Phase 4: Vector Indexes for Fast Search

Once embeddings are generated and stored, vector indexes are specialized data structures designed for similarity searches in high-dimensional vector spaces. They help accelerate vector similarity searches by reducing the number of distance calculations needed.

Why Vector Indexes?

Exact search to find the closest matches for a given vector are accurate but can be slow, since costly vector distance computations are needed for all vectors in a column.

Vector indexes use techniques like clustering, partitioning, and neighbor graphs to group similar vectors together, reducing the search space dramatically.

Oracle AI Vector Search: Supported Index Types

Oracle AI Vector Search supports Hierarchical Navigable Small World (HNSW) indexes and Inverted File (IVF) indexes.
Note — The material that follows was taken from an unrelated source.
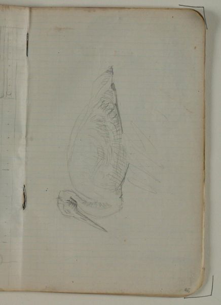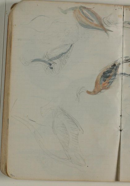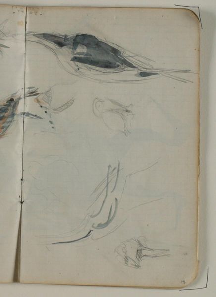 Editor: Here we have "Skitser af traner," or "Sketches of Cranes," by Niels Larsen Stevns, made between 1900 and 1905 using pencil on paper. It's housed here at the SMK. The quick strokes give the whole image a fleeting, almost ethereal feel. What do you see in this piece? Curator: I see an attempt to capture the essence of the crane – a creature often associated with longevity, happiness, and freedom. The sketches remind me of earlier traditions where cranes were symbolic messengers, spirits taking flight between worlds, a symbol that recurs globally from Japan to Greece. Editor: That's fascinating! The idea of them as messengers adds a whole new layer. Do you think the artist intended that symbolism? Curator: Perhaps consciously, perhaps not. Symbols often operate on a deeper, more intuitive level, drawn from the well of shared cultural memory. Stevns may have been channeling these associations without actively thinking about it. Notice the delicate lines – they don't define a concrete form, but instead, a feeling, an idea of flight and grace. Are they flying away from the lower picture? The picture on the right page contains some figures of birds too? Editor: That makes sense. The lack of detail makes them seem more universal. I was so focused on the lightness of the image, I hadn't considered how the symbolism deepens that feeling. The whole sketch comes alive in a different way now! Curator: Indeed. Art allows us to tap into those shared meanings, connecting us to a much larger story. Each viewing opens up the symbolisms even more, every time anew. Editor: Absolutely! This has definitely given me a lot to think about and another view on Niels Larsen Stevns’ art. Thanks so much!

1. HNSW: In-Memory Neighbor Graph

Hierarchical Navigable Small World (HNSW) creates a navigable graph structure to locate similar vectors with exceptional speed and accuracy.

Characteristics:

HNSW is an In-Memory Neighbor Graph Vector Index fully built in-memory. You need to setup a new memory pool with VECTOR_MEMORY_SIZE in the SGA to accommodate it.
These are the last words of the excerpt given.